Extract the opening line of the entries and every line after it, stopping at and including the line that contains "Ilustración 5: Philip". Do not include pictures.

BEGIN INPUT

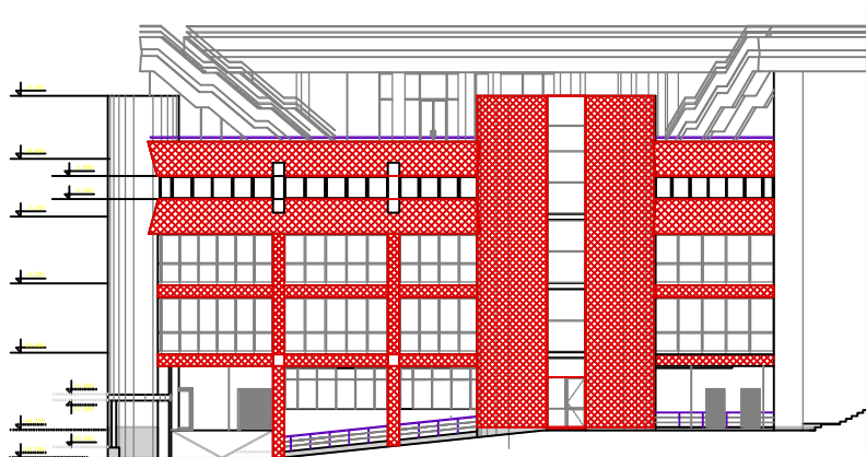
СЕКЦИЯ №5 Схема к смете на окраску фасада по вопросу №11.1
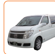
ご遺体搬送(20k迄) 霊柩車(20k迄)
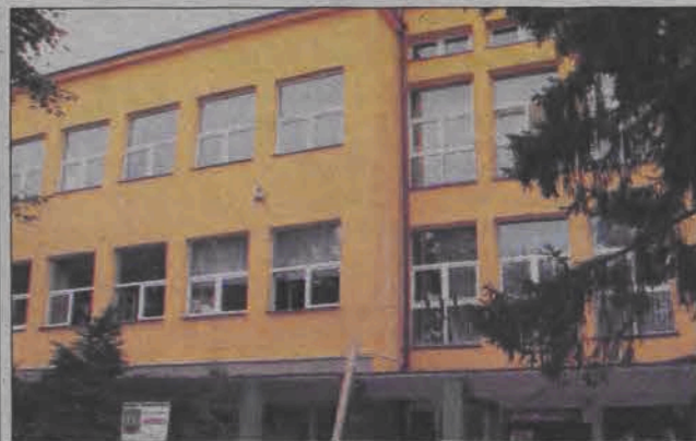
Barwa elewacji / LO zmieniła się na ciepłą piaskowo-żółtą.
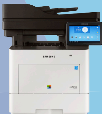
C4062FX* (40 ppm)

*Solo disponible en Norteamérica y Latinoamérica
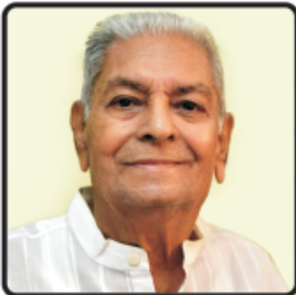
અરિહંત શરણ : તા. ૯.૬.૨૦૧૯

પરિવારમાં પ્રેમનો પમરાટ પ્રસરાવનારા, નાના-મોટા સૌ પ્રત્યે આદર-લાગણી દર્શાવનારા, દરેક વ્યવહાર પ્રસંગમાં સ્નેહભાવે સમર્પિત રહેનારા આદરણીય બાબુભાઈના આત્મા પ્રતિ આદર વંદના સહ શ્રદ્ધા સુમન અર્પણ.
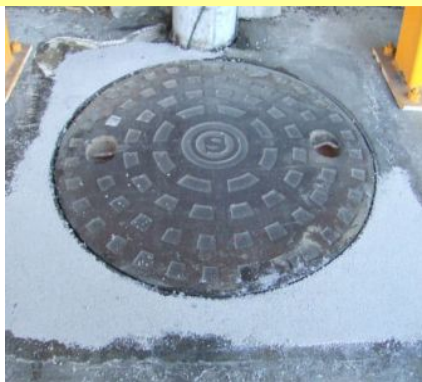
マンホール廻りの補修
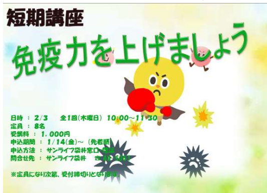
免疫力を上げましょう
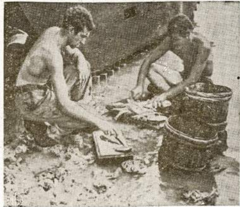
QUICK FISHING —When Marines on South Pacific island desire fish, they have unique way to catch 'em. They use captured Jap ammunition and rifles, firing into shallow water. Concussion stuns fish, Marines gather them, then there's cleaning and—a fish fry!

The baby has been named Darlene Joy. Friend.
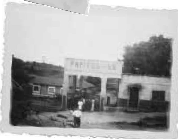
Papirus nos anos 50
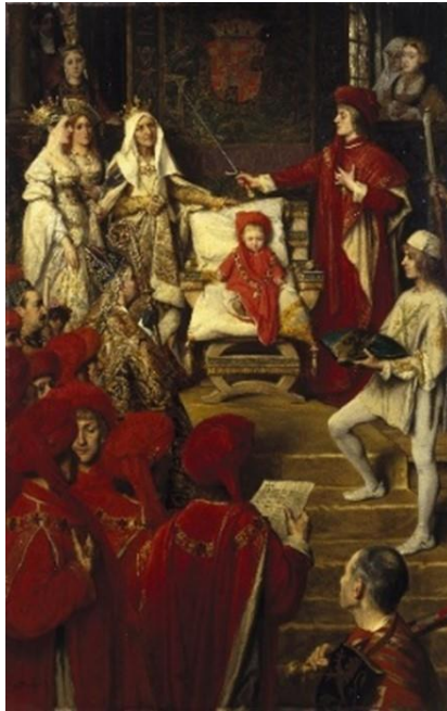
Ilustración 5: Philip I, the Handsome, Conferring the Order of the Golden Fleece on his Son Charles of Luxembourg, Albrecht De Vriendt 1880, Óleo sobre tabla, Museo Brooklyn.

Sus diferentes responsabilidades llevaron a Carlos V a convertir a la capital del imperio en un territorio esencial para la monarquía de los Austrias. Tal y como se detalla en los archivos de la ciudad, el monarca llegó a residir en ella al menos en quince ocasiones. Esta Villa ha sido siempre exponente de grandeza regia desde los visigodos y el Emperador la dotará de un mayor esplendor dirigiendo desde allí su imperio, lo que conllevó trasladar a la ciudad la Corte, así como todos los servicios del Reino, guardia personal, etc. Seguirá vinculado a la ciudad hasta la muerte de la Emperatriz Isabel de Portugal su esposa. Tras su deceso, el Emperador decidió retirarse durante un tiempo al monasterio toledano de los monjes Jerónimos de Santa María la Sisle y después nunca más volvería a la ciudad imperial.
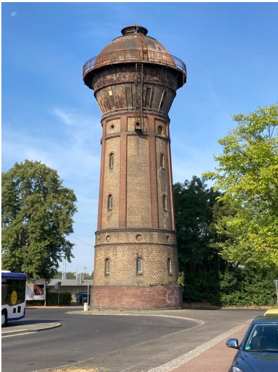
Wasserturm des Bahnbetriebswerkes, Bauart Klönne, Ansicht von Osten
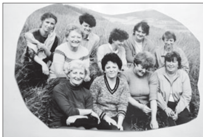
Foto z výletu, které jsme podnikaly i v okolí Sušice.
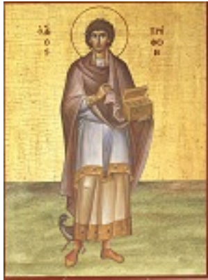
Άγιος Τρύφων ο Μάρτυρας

END INPUT

EXERCISE SOLUTION:
СЕКЦИЯ №5 Схема к смете на окраску фасада по вопросу №11.1
ご遺体搬送(20k迄) 霊柩車(20k迄)
Barwa elewacji / LO zmieniła się na ciepłą piaskowo-żółtą.
C4062FX* (40 ppm)

*Solo disponible en Norteamérica y Latinoamérica
અરિહંત શરણ : તા. ૯.૬.૨૦૧૯

પરિવારમાં પ્રેમનો પમરાટ પ્રસરાવનારા, નાના-મોટા સૌ પ્રત્યે આદર-લાગણી દર્શાવનારા, દરેક વ્યવહાર પ્રસંગમાં સ્નેહભાવે સમર્પિત રહેનારા આદરણીય બાબુભાઈના આત્મા પ્રતિ આદર વંદના સહ શ્રદ્ધા સુમન અર્પણ.
マンホール廻りの補修
免疫力を上げましょう
QUICK FISHING —When Marines on South Pacific island desire fish, they have unique way to catch 'em. They use captured Jap ammunition and rifles, firing into shallow water. Concussion stuns fish, Marines gather them, then there's cleaning and—a fish fry!

The baby has been named Darlene Joy. Friend.
Papirus nos anos 50
Ilustración 5: Philip I, the Handsome, Conferring the Order of the Golden Fleece on his Son Charles of Luxembourg, Albrecht De Vriendt 1880, Óleo sobre tabla, Museo Brooklyn.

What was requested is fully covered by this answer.